[Extracted entries — start]

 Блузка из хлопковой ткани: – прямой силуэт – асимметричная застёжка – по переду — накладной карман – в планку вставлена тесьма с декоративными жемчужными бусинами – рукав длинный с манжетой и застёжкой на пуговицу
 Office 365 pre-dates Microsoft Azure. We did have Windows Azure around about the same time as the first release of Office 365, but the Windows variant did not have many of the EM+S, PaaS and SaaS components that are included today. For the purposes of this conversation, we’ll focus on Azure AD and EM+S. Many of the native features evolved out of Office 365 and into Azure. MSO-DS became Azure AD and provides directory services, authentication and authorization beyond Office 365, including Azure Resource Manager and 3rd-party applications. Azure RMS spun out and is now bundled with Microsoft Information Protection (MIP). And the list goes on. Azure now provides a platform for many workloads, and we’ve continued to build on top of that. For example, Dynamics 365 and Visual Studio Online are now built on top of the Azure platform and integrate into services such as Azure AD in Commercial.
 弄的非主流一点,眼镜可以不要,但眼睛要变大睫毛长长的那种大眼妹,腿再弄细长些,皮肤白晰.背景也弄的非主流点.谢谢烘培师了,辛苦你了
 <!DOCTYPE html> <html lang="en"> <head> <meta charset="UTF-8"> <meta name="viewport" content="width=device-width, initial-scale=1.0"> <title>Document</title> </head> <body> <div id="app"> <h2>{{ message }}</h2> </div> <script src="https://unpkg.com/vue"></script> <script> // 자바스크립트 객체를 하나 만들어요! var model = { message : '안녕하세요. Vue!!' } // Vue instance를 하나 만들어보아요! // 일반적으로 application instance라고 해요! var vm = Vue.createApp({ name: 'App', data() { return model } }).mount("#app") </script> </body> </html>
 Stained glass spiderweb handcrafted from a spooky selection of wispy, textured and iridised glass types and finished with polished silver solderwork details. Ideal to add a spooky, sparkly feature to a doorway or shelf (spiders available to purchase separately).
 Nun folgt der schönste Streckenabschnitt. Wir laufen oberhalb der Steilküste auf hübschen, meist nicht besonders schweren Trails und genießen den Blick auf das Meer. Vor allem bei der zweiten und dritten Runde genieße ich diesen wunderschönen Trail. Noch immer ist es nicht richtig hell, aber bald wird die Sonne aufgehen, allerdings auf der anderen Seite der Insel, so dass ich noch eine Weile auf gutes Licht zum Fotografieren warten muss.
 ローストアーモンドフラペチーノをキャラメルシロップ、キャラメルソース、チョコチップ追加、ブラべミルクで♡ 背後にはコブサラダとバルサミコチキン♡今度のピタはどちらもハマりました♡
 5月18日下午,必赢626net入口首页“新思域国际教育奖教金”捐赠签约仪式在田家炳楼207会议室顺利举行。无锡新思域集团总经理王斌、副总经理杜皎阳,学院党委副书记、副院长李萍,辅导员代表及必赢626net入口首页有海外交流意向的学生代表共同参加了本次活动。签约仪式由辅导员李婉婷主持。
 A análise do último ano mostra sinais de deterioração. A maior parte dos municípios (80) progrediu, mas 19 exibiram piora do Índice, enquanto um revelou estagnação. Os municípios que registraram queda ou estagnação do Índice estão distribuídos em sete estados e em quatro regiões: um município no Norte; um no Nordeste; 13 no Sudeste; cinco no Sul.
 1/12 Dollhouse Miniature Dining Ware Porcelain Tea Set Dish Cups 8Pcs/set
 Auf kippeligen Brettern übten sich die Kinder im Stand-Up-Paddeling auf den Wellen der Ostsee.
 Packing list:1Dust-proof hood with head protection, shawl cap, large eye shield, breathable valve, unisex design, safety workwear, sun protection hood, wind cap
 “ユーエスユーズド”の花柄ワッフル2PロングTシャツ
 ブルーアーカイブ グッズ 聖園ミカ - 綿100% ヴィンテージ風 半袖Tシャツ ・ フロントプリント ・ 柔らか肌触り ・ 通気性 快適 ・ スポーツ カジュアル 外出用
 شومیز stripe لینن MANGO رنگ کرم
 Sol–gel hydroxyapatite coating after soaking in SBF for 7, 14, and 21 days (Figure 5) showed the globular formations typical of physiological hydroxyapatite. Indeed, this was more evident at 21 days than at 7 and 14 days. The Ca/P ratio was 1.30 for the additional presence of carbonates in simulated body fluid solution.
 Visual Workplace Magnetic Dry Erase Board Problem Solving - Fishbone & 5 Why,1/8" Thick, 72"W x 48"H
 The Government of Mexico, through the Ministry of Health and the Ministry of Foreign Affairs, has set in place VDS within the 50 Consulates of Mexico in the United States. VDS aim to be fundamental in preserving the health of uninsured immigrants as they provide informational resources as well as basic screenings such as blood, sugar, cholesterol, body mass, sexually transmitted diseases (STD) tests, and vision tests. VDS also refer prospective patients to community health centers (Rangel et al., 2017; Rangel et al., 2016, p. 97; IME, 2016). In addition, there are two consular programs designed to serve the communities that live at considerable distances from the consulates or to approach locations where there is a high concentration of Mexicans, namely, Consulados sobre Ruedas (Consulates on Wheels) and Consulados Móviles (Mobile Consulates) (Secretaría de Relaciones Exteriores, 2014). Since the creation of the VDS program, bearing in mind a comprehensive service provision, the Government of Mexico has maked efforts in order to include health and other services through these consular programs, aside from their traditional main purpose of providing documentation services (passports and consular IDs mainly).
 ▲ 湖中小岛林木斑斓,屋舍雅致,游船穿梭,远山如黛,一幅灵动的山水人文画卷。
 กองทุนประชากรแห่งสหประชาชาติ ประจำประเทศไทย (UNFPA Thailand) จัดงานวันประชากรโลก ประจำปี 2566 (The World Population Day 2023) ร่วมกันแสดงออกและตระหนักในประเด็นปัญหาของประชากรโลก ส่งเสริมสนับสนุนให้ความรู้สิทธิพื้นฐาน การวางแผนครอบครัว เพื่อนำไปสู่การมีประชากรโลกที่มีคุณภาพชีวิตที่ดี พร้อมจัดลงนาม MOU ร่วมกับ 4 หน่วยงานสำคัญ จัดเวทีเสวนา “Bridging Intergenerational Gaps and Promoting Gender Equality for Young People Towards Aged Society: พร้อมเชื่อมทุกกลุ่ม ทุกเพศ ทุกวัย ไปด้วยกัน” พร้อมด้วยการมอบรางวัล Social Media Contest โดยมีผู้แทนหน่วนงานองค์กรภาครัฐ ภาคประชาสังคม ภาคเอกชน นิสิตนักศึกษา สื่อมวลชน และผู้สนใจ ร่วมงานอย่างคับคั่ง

[Extracted entries — finish]

Now that the records have been shown, restate each one word for word.

 Блузка из хлопковой ткани: – прямой силуэт – асимметричная застёжка – по переду — накладной карман – в планку вставлена тесьма с декоративными жемчужными бусинами – рукав длинный с манжетой и застёжкой на пуговицу
 Office 365 pre-dates Microsoft Azure. We did have Windows Azure around about the same time as the first release of Office 365, but the Windows variant did not have many of the EM+S, PaaS and SaaS components that are included today. For the purposes of this conversation, we’ll focus on Azure AD and EM+S. Many of the native features evolved out of Office 365 and into Azure. MSO-DS became Azure AD and provides directory services, authentication and authorization beyond Office 365, including Azure Resource Manager and 3rd-party applications. Azure RMS spun out and is now bundled with Microsoft Information Protection (MIP). And the list goes on. Azure now provides a platform for many workloads, and we’ve continued to build on top of that. For example, Dynamics 365 and Visual Studio Online are now built on top of the Azure platform and integrate into services such as Azure AD in Commercial.
 弄的非主流一点,眼镜可以不要,但眼睛要变大睫毛长长的那种大眼妹,腿再弄细长些,皮肤白晰.背景也弄的非主流点.谢谢烘培师了,辛苦你了
 <!DOCTYPE html> <html lang="en"> <head> <meta charset="UTF-8"> <meta name="viewport" content="width=device-width, initial-scale=1.0"> <title>Document</title> </head> <body> <div id="app"> <h2>{{ message }}</h2> </div> <script src="https://unpkg.com/vue"></script> <script> // 자바스크립트 객체를 하나 만들어요! var model = { message : '안녕하세요. Vue!!' } // Vue instance를 하나 만들어보아요! // 일반적으로 application instance라고 해요! var vm = Vue.createApp({ name: 'App', data() { return model } }).mount("#app") </script> </body> </html>
 Stained glass spiderweb handcrafted from a spooky selection of wispy, textured and iridised glass types and finished with polished silver solderwork details. Ideal to add a spooky, sparkly feature to a doorway or shelf (spiders available to purchase separately).
 Nun folgt der schönste Streckenabschnitt. Wir laufen oberhalb der Steilküste auf hübschen, meist nicht besonders schweren Trails und genießen den Blick auf das Meer. Vor allem bei der zweiten und dritten Runde genieße ich diesen wunderschönen Trail. Noch immer ist es nicht richtig hell, aber bald wird die Sonne aufgehen, allerdings auf der anderen Seite der Insel, so dass ich noch eine Weile auf gutes Licht zum Fotografieren warten muss.
 ローストアーモンドフラペチーノをキャラメルシロップ、キャラメルソース、チョコチップ追加、ブラべミルクで♡ 背後にはコブサラダとバルサミコチキン♡今度のピタはどちらもハマりました♡
 5月18日下午,必赢626net入口首页“新思域国际教育奖教金”捐赠签约仪式在田家炳楼207会议室顺利举行。无锡新思域集团总经理王斌、副总经理杜皎阳,学院党委副书记、副院长李萍,辅导员代表及必赢626net入口首页有海外交流意向的学生代表共同参加了本次活动。签约仪式由辅导员李婉婷主持。
 A análise do último ano mostra sinais de deterioração. A maior parte dos municípios (80) progrediu, mas 19 exibiram piora do Índice, enquanto um revelou estagnação. Os municípios que registraram queda ou estagnação do Índice estão distribuídos em sete estados e em quatro regiões: um município no Norte; um no Nordeste; 13 no Sudeste; cinco no Sul.
 1/12 Dollhouse Miniature Dining Ware Porcelain Tea Set Dish Cups 8Pcs/set
 Auf kippeligen Brettern übten sich die Kinder im Stand-Up-Paddeling auf den Wellen der Ostsee.
 Packing list:1Dust-proof hood with head protection, shawl cap, large eye shield, breathable valve, unisex design, safety workwear, sun protection hood, wind cap
 “ユーエスユーズド”の花柄ワッフル2PロングTシャツ
 ブルーアーカイブ グッズ 聖園ミカ - 綿100% ヴィンテージ風 半袖Tシャツ ・ フロントプリント ・ 柔らか肌触り ・ 通気性 快適 ・ スポーツ カジュアル 外出用
 شومیز stripe لینن MANGO رنگ کرم
 Sol–gel hydroxyapatite coating after soaking in SBF for 7, 14, and 21 days (Figure 5) showed the globular formations typical of physiological hydroxyapatite. Indeed, this was more evident at 21 days than at 7 and 14 days. The Ca/P ratio was 1.30 for the additional presence of carbonates in simulated body fluid solution.
 Visual Workplace Magnetic Dry Erase Board Problem Solving - Fishbone & 5 Why,1/8" Thick, 72"W x 48"H
 The Government of Mexico, through the Ministry of Health and the Ministry of Foreign Affairs, has set in place VDS within the 50 Consulates of Mexico in the United States. VDS aim to be fundamental in preserving the health of uninsured immigrants as they provide informational resources as well as basic screenings such as blood, sugar, cholesterol, body mass, sexually transmitted diseases (STD) tests, and vision tests. VDS also refer prospective patients to community health centers (Rangel et al., 2017; Rangel et al., 2016, p. 97; IME, 2016). In addition, there are two consular programs designed to serve the communities that live at considerable distances from the consulates or to approach locations where there is a high concentration of Mexicans, namely, Consulados sobre Ruedas (Consulates on Wheels) and Consulados Móviles (Mobile Consulates) (Secretaría de Relaciones Exteriores, 2014). Since the creation of the VDS program, bearing in mind a comprehensive service provision, the Government of Mexico has maked efforts in order to include health and other services through these consular programs, aside from their traditional main purpose of providing documentation services (passports and consular IDs mainly).
 ▲ 湖中小岛林木斑斓,屋舍雅致,游船穿梭,远山如黛,一幅灵动的山水人文画卷。
 กองทุนประชากรแห่งสหประชาชาติ ประจำประเทศไทย (UNFPA Thailand) จัดงานวันประชากรโลก ประจำปี 2566 (The World Population Day 2023) ร่วมกันแสดงออกและตระหนักในประเด็นปัญหาของประชากรโลก ส่งเสริมสนับสนุนให้ความรู้สิทธิพื้นฐาน การวางแผนครอบครัว เพื่อนำไปสู่การมีประชากรโลกที่มีคุณภาพชีวิตที่ดี พร้อมจัดลงนาม MOU ร่วมกับ 4 หน่วยงานสำคัญ จัดเวทีเสวนา “Bridging Intergenerational Gaps and Promoting Gender Equality for Young People Towards Aged Society: พร้อมเชื่อมทุกกลุ่ม ทุกเพศ ทุกวัย ไปด้วยกัน” พร้อมด้วยการมอบรางวัล Social Media Contest โดยมีผู้แทนหน่วนงานองค์กรภาครัฐ ภาคประชาสังคม ภาคเอกชน นิสิตนักศึกษา สื่อมวลชน และผู้สนใจ ร่วมงานอย่างคับคั่ง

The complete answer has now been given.